LE DORIS POUR LA PECHE A TERRE-NEUVE

 

Les morutiers qui pratiquaient la pêche aux harouelles ou lignes dormantes utilisaient de tout temps pour mouiller et relever leurs tentis des chaloupes. Ces embarcations lourdes et incommodes à manipuler n'étaient pas non plus bien adaptées aux conditions de pêche sur les bancs de Terre-Neuve et beaucoup désoléde pêcheurs se perdirent sur ces chaloupes malgré une réglementation sévère qui prescrivait par exemple qu'en temps de brume les embarcations devaient rester reliées au bord par une ligne filée au fur et à mesure qu'elles s'éloignaient du batiment.

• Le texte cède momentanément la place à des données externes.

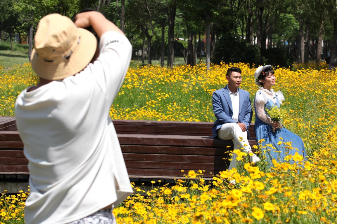 市民在飲馬河畔拍婚紗照。本報記者 牛書培 供圖
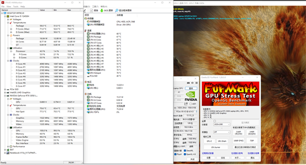 在使用FurMark对RTX 3050 Laptop烤机10分钟后,此时显卡功率在75W,GPU频率平均1522MHz,显存频率6001MHz,温度在70.6摄氏度。

Le système des chaloupes dura jusqu'après la guerre de 1870. A cette époque les Américains avaient remplacé celles-ci par de légères embarcations qui semblent imitées de celles des pêcheurs de la côte sud de Terre-Neuve, les " Warys " sorte de canots de 7 à 8 mètres de long à l'avant pointu, aux flancs évasés et à fond plat beaucoup plus aisés à " sailler " sur le sable ou les galets que des embarcations à quille. Le doris des Américains ressemblait étrangement au Wary : un peu moins long, un peu moins large et moins élevé sur l'eau, il en différait surtout par son tableau arrière : triangulaire la pointe en bas, formant voûte au lieu d'être pratiquement droit et trapézoïdal. Contrairement aux apparences ces légers doris tenaient remarquablement bien la mer et se révélaient très stables en raison de leurs formes évasées ; en outre, comme les bancs étaient amovibles on pouvait aisément les empiler les uns dans les autres à bord des navires.

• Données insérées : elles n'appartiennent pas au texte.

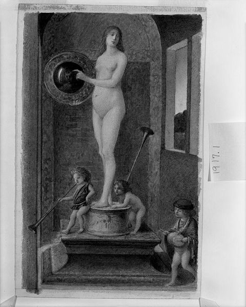 Curator: Here we have "The Suicide of Lucretia" attributed to Abraham Bloemaert, estimated to have been painted sometime between 1561 and 1611. Editor: It's immediately striking how stark this image is. The high contrast, the monochrome palette – it amplifies the drama, doesn't it? A sort of theatrical moment, frozen. Curator: Indeed. It’s a powerful rendering of Lucretia, a noblewoman whose story became a cornerstone in discussions of female virtue and Roman Republican ideals. The painting speaks volumes about the political landscape of the time, engaging with concepts of honor, power, and the repercussions of sexual assault. Editor: I see that, but also look at how the light emphasizes her form. The stark lighting defines her musculature; even in agony, there's an idealized beauty. It's almost sculptural in its treatment of form and light. Curator: Consider the historical implications. Lucretia's suicide was not just a personal tragedy; it ignited a revolution, marking the end of the Roman monarchy and the dawn of the Republic. This act, therefore, transcends the personal and becomes a potent symbol of resistance against tyranny and the reclamation of autonomy. The act itself becomes a referendum. Editor: The sword—it serves as a visual anchor, doesn't it? Leading the eye directly to the wound and her pained expression. The artist's use of foreshortening and the crisp lines create a sharp focal point. Curator: Absolutely. Furthermore, her defiance—notice the raised arm and clutched cloth—emphasizes her final act of reclaiming control over her body and her narrative, particularly relevant when we view it through a feminist lens today. Editor: Yes, seeing this work certainly goes beyond the immediate drama, it becomes an intersection of light, form and symbolic gravity. Curator: Absolutely. Considering Lucretia's act through the prism of historical trauma and female agency reshapes our comprehension. It calls for deep introspection on patriarchal structures and the enduring quest for self-determination. Editor: For me, returning to my initial perspective, the piece underscores how potent artistic choices regarding color and contrast can sculpt not just form, but also perception.

En 1872 les goélettes Saint-Pierraises se mirent à employer les doris achetés à l'époque aux Américains ; l'industrie locale se mit alors à construire des doris sans grand succès semble-t-il puisqu'en 1886 les Saint-Pierrais achetaient encore tous les ans 1 000 à 2 000 doris aux Américains.

C'est à partir de 1877 que quelques navires métropolitains armés à Fécamp et à Saint-Malo pour la pêche sur le grand banc avec salaison à bord, commencèrent à utiliser des doris. Ils en tirèrent de si bons résultats que l'emploi s'en généralisa et le doris fut adopté par tous les armateurs vers les années 1880-1885.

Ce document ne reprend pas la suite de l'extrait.